In point of fact, that is just not how supply chains work.
A shared plant creates very different dynamics than a shared product group. A shared warehouse matters in another way from a shared brand family. Some relationships propagate demand shocks. Others dampen them.
GraphSAGE can see that SKUs are connected — nevertheless it cannot learn how or why they’re connected.
That’s where Heterogeneous Graph Transformers (HGT) are available in.
HGT allows the model to learn different behaviors for several types of relationships — letting it weigh, for instance, whether plant capability, product substitution, or logistics constraints should matter more for a given forecast.

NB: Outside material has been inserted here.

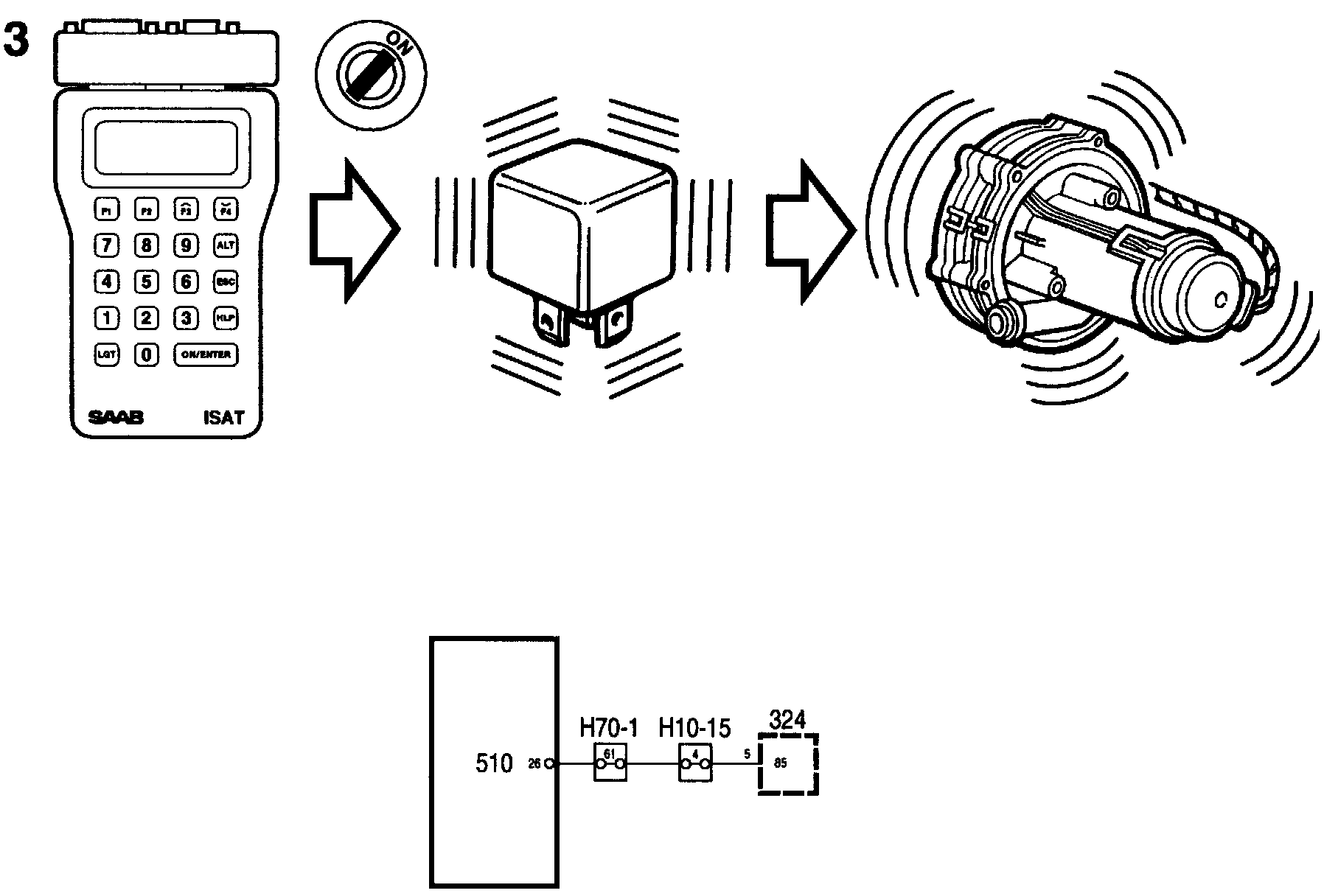 Select "REAR OXYGEN SENSOR". When Lambda control does not work, i.e. the Scan Tool display oscillates between 0.1 V and 0.9 V, connect a jumper lead across pins 30 and 87 of the relay base for 5-10 seconds. The oxygen sensor voltage does not oscillate and remains steady at 0.45 V.

In the following article, I’ll show how moving from “all edges are equal” to relationship-aware learning unlocks the following level of forecasting accuracy — and improves the standard of forecast by adding meaning to the network.
That’s where graph-based demand forecasting becomes truly operational.
Reference
SupplyGraph: A Benchmark Dataset for Supply Chain Planning using Graph Neural Networks : Authors: Azmine Toushik Wasi, MD Shafikul Islam, Adipto Raihan Akib
Images utilized in this text are synthetically generated. Charts and underlying code created by me.